━━━ WORKING DATA ━━━

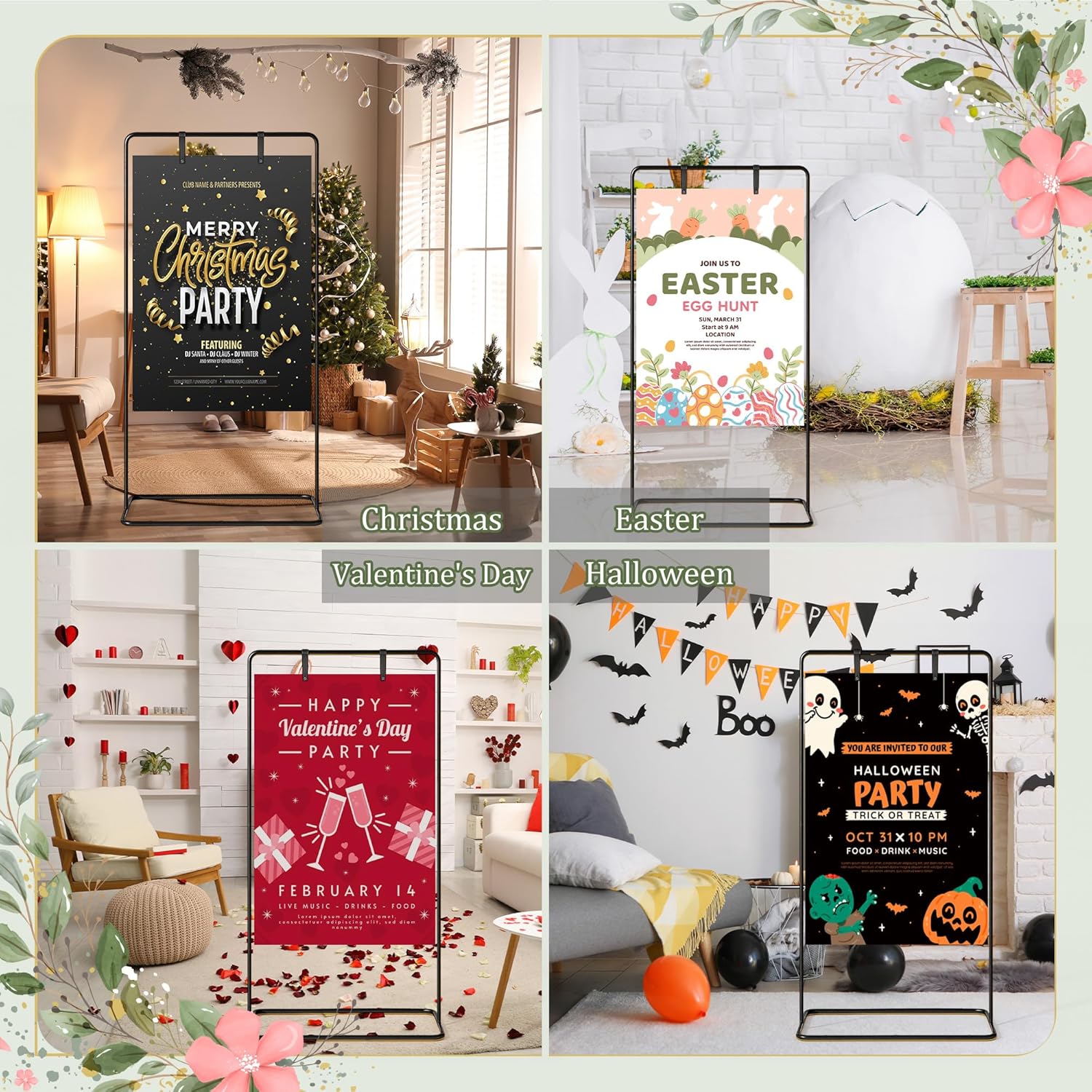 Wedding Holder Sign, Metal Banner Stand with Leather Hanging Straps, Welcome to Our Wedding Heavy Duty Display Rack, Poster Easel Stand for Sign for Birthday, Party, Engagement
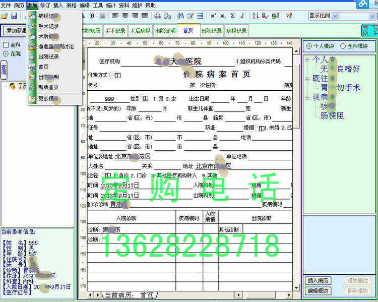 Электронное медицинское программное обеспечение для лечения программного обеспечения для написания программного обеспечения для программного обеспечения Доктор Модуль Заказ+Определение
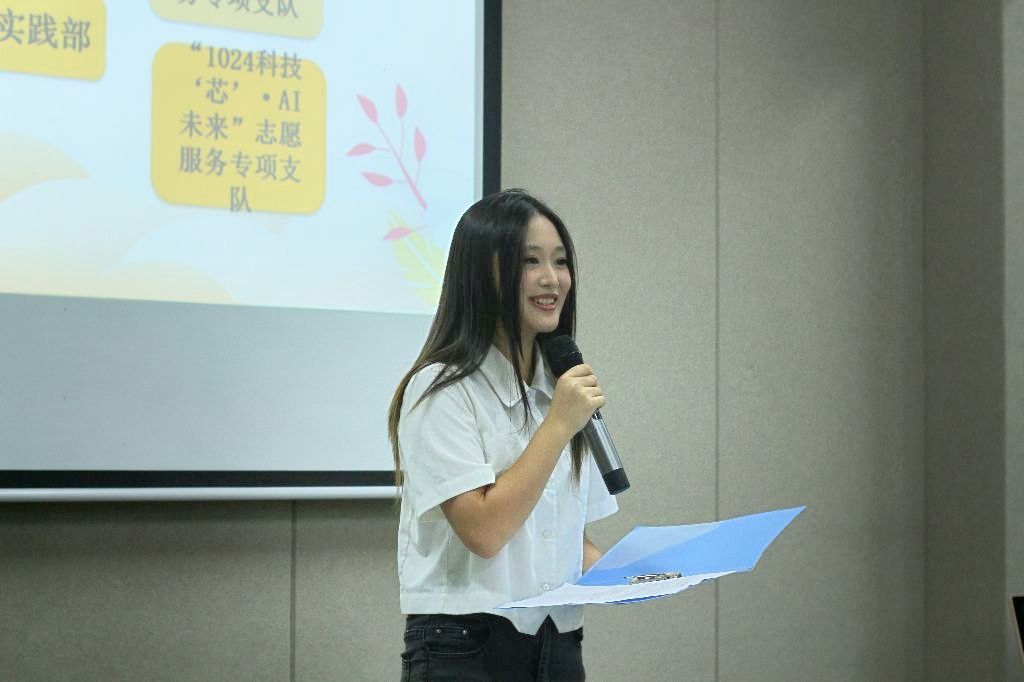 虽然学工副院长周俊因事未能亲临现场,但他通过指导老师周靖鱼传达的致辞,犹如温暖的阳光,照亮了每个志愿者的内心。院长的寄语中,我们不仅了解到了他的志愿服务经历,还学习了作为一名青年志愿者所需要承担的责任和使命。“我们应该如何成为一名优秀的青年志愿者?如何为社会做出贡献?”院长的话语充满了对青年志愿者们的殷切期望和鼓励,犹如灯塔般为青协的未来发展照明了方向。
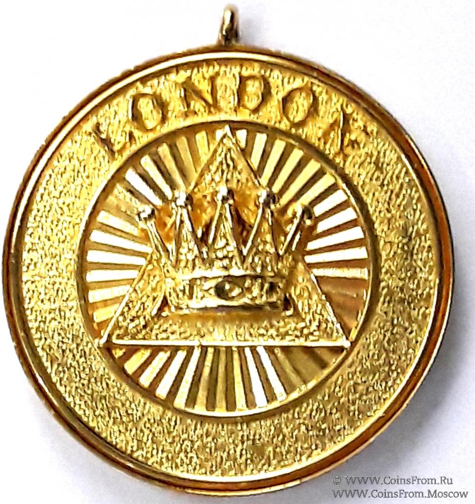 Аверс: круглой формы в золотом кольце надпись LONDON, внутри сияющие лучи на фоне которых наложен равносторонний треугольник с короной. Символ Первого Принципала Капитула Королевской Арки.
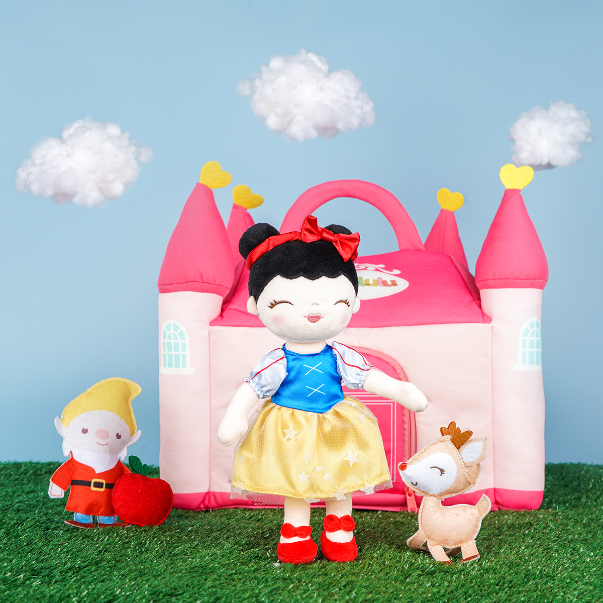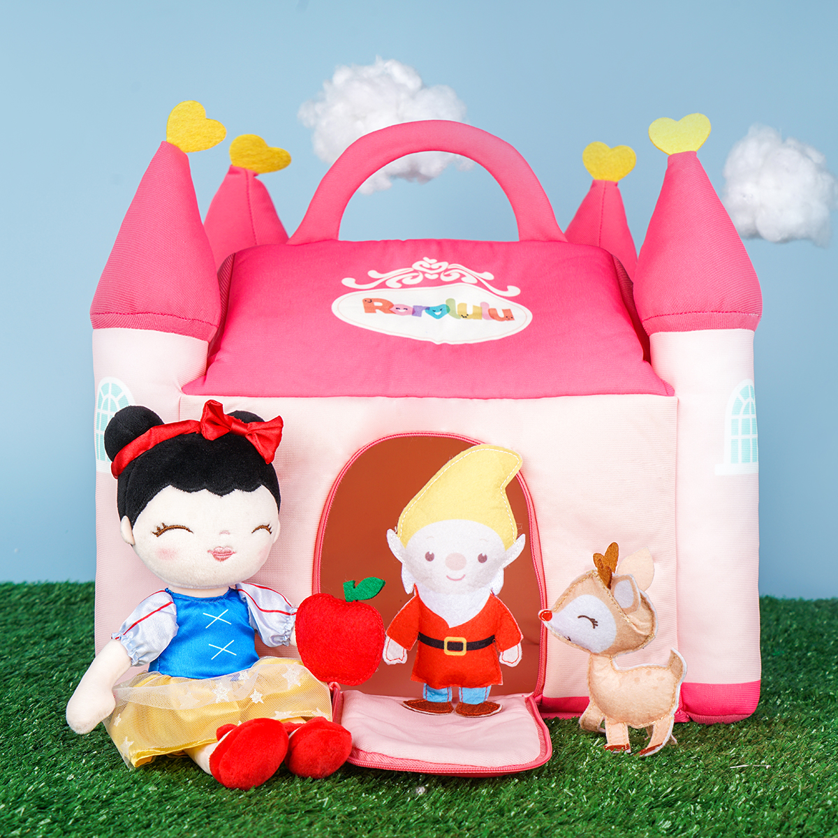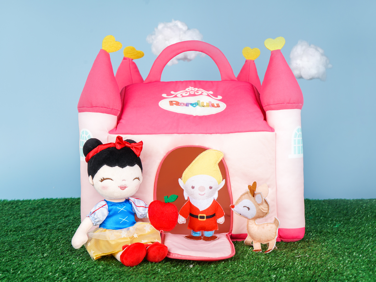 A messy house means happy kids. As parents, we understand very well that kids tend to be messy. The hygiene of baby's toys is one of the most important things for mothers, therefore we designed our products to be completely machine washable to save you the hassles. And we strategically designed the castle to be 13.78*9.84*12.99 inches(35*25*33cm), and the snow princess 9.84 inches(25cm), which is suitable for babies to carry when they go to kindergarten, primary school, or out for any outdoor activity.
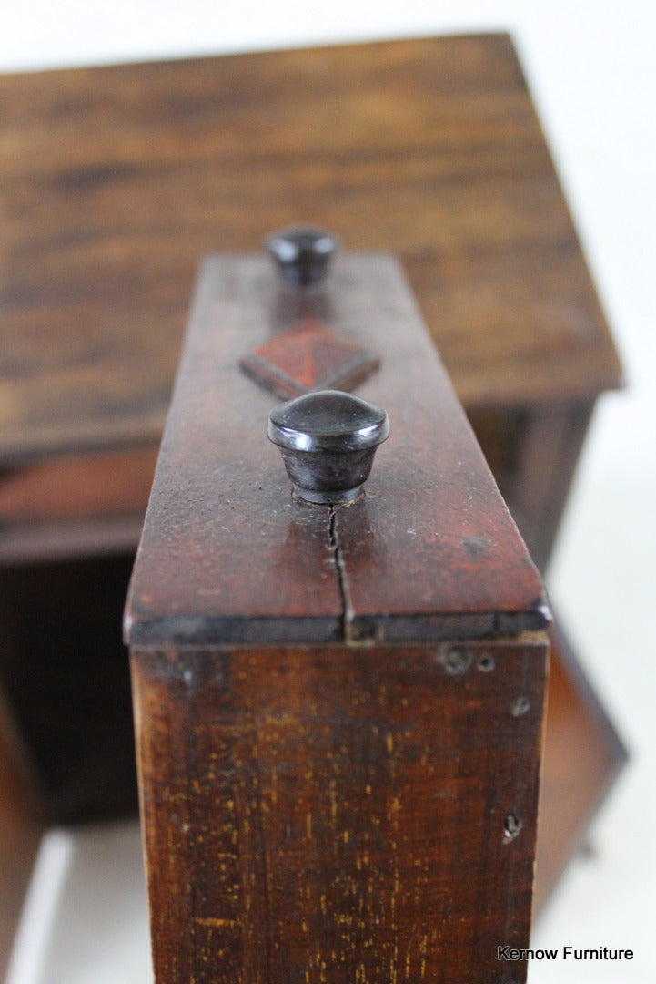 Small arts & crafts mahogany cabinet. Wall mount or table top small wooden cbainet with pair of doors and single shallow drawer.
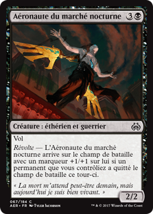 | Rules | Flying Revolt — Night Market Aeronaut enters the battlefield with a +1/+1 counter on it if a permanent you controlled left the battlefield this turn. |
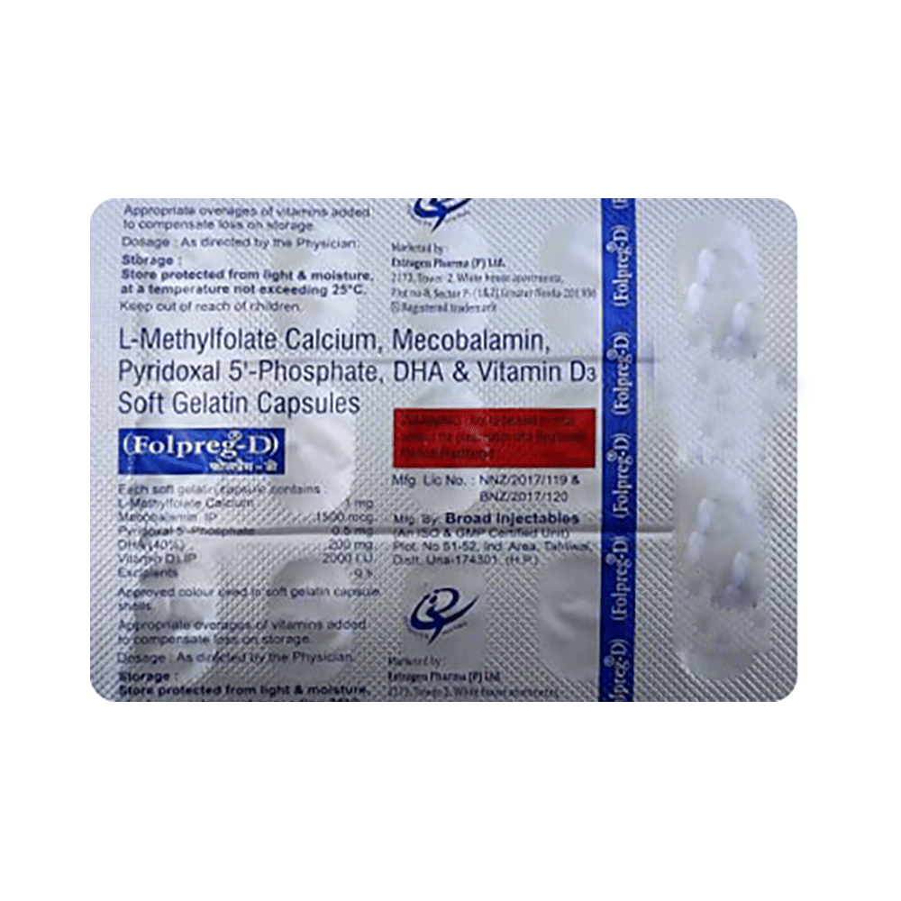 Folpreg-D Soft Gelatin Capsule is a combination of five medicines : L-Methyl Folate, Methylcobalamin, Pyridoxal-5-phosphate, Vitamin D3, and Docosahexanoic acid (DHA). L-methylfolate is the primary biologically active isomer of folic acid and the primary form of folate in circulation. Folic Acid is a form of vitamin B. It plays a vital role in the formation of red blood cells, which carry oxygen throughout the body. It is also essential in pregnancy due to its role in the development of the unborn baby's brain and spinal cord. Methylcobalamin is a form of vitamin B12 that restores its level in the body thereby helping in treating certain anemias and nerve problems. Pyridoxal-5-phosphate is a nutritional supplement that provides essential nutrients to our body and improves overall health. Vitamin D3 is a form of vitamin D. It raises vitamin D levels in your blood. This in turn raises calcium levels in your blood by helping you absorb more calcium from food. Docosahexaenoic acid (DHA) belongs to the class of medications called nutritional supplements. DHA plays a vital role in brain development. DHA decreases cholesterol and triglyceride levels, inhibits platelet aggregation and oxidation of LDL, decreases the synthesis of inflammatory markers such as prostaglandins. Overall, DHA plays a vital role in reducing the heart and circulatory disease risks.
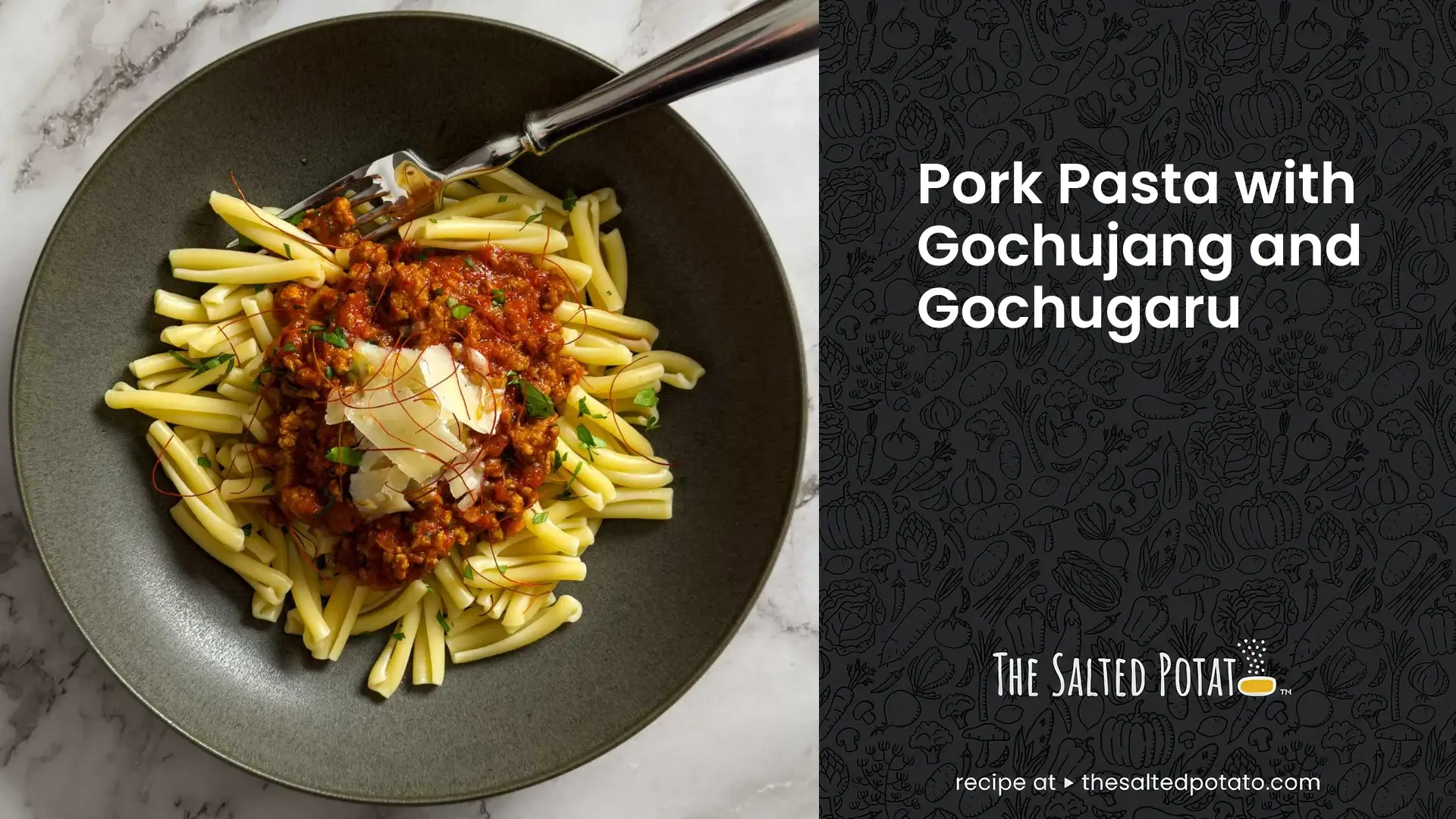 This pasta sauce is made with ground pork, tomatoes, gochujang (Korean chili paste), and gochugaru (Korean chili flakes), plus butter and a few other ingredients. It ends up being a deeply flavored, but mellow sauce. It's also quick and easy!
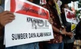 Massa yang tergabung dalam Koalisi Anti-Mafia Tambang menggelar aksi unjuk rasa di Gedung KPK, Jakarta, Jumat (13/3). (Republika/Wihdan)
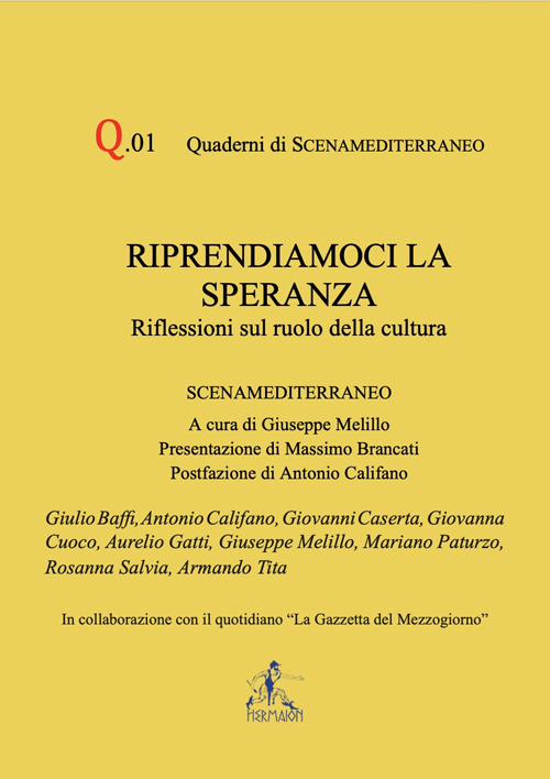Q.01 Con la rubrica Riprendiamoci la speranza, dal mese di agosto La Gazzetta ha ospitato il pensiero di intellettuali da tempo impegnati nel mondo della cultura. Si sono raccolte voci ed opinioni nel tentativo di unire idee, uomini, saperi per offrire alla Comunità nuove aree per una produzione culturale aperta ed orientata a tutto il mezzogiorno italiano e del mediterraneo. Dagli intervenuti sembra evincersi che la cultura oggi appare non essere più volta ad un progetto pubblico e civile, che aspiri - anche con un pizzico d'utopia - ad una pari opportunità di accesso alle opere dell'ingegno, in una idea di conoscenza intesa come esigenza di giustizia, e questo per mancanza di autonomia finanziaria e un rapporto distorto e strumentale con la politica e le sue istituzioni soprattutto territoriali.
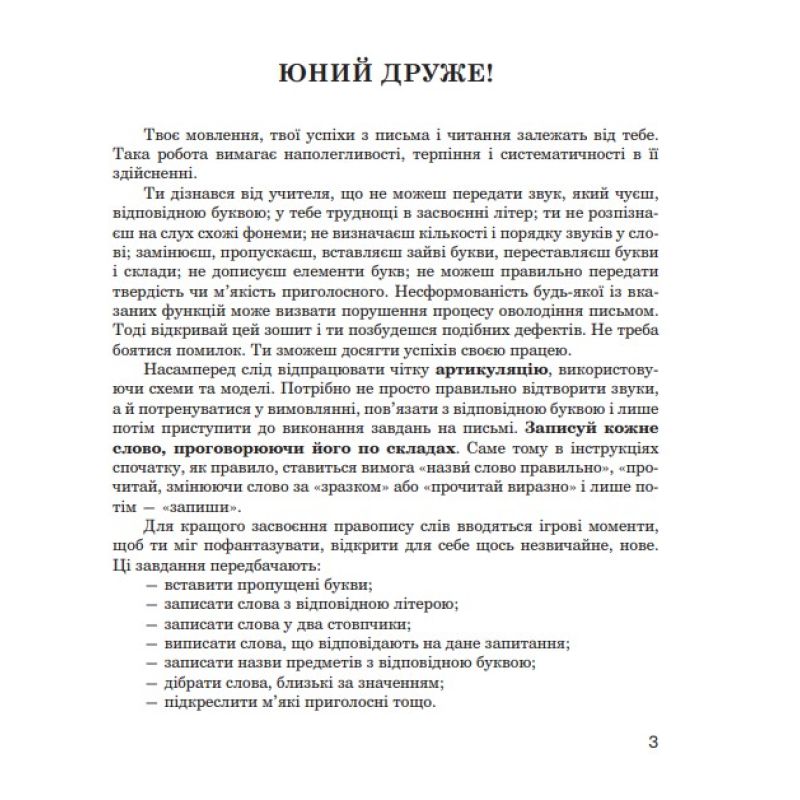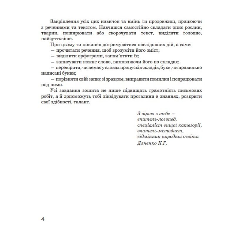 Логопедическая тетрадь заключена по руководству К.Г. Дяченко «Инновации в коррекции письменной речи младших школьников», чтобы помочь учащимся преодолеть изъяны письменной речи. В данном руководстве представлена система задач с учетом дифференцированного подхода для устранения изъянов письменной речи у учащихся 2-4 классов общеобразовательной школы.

━━━

Output exactly, and only, the lines of the entries above from the one with "Аверс: круглой формы" up to and including the one with "this turn. |"; pictures are to be left out.

- EXERCISE SOLUTION
 Аверс: круглой формы в золотом кольце надпись LONDON, внутри сияющие лучи на фоне которых наложен равносторонний треугольник с короной. Символ Первого Принципала Капитула Королевской Арки.
 A messy house means happy kids. As parents, we understand very well that kids tend to be messy. The hygiene of baby's toys is one of the most important things for mothers, therefore we designed our products to be completely machine washable to save you the hassles. And we strategically designed the castle to be 13.78*9.84*12.99 inches(35*25*33cm), and the snow princess 9.84 inches(25cm), which is suitable for babies to carry when they go to kindergarten, primary school, or out for any outdoor activity.
 Small arts & crafts mahogany cabinet. Wall mount or table top small wooden cbainet with pair of doors and single shallow drawer.
 | Rules | Flying Revolt — Night Market Aeronaut enters the battlefield with a +1/+1 counter on it if a permanent you controlled left the battlefield this turn. |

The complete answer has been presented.